My final appointment for the day was with 20 year old Tutika Mohan Rao, who studied BSc in maths physics and chemistry, working in a stock market. He is living with his sister and her husband, says it is not too hard, though of course not like living at home. He works quite hard, not under any illusions about life in an office. He said he was looking to move, quite obviously had met me in the hope that I would be able to offer him a job. I was quite shocked, since he had taken a day off to meet me, and I wondered how he had got the wrong idea. Was it the word interview? I needed to change that. But actually for him it was just a shot in the dark. At the end of the interview, I asked him how much more he wanted to earn, than the 4000 he was earning, he said, 1500, because that will be the increase in cost for me, to live alone, and I need to send 2000 home, which I am able to now, because I live with my sister and her family. I find this fascinating, how much these children feel the obligation to take care of their parents, is it something to do with this community, or is it village culture? Why has it not survived, in the city, where old people are discarded like used clothes? Anyway Tutika Mohan Rao said he was happy to work for Dastkar Andhra, no problems with working with weavers, he has since sent his bio data to our office. Quite enterprising, but I will leave it to Latha to decide what she wants to do.

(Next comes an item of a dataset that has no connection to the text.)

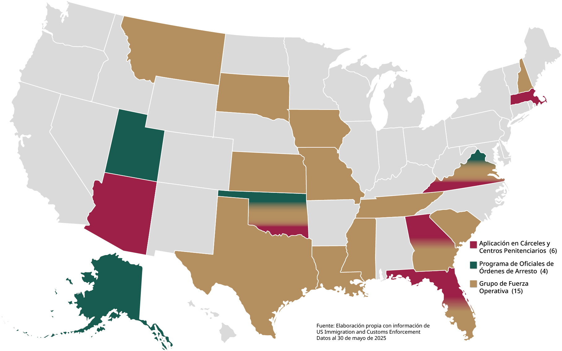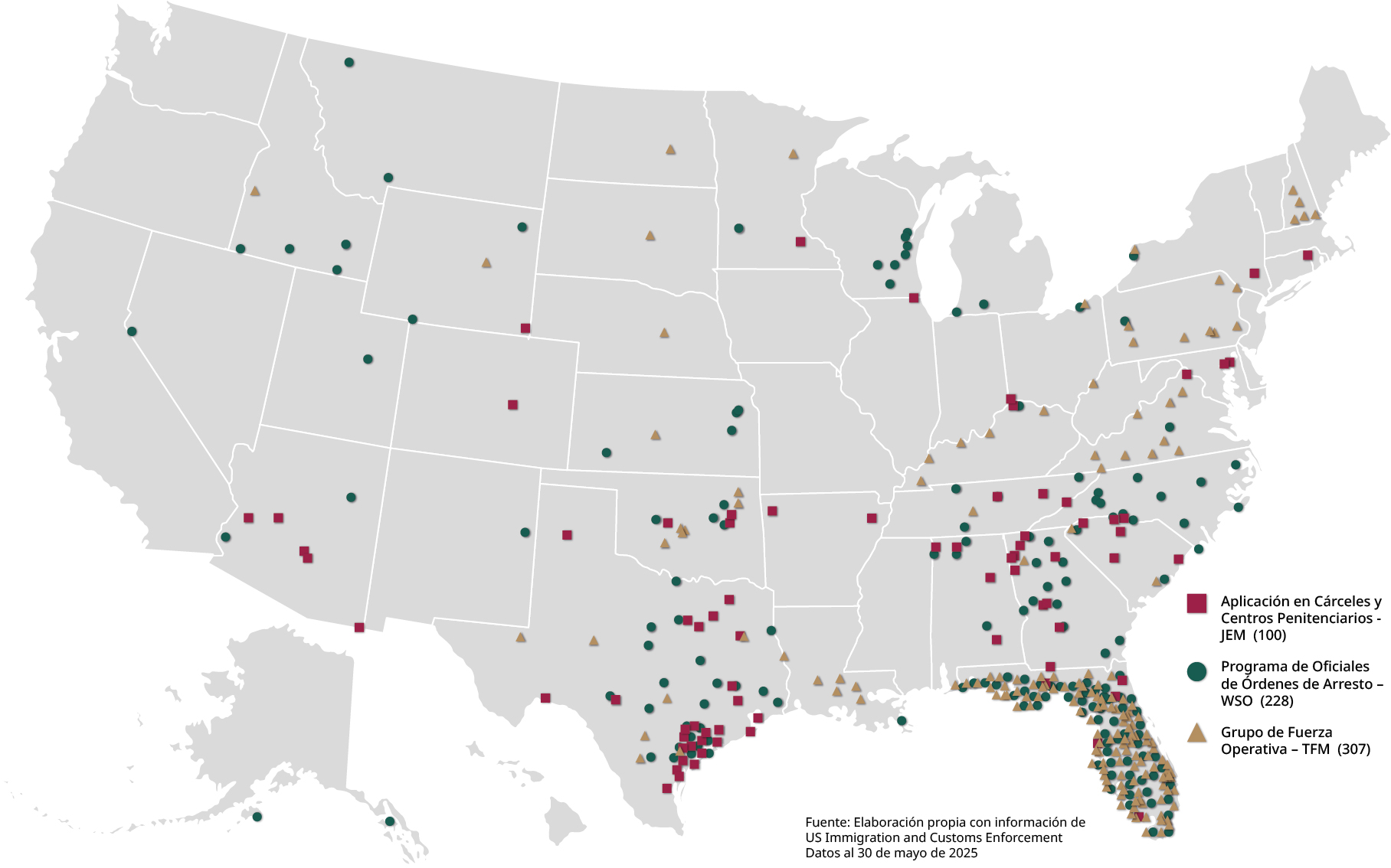 Al 30 de mayo de 2025, el Observatorio de Leyes y Medidas Antiinmigrantes tiene registrados 635 acuerdos 287(g) con cobertura en 40 estados:

As we wound up after one of the interviews in Ponduru, Krishna Rao was telling one of the weavers about his grandchild, who lives in the city. The little boy, on a visit to his home, while watching his grandfather at the loom, said ‘aa thaadu kinda padindi’; he was referring to a broken yarn that had fallen down, as ‘thaadu’, not ‘pogu’. ‘Pogu’ is specifically yarn that is on the loom, ‘thaadu’ is more generic for thread. While relating this, he sounded half shocked and half awed at his ignorance.
The interesting thing about how quickly the next generation move into ‘secular’ ‘city’ ‘modern’ spaces through education or migration makes me wonder about what ‘culture’ and ‘identity’ truly means to them. Is it about how quickly a generation moves into white collar jobs? There is an a-historicity to this movement that makes it seem discontinuous; they shed so many things, when they move; but maybe this is the only way to transition? Does it make a difference when the environment is different? For instance whether in the 90s or in the 2000s, or whether it is 2020? What happens to villages? This will definitely be the next place to go in my research.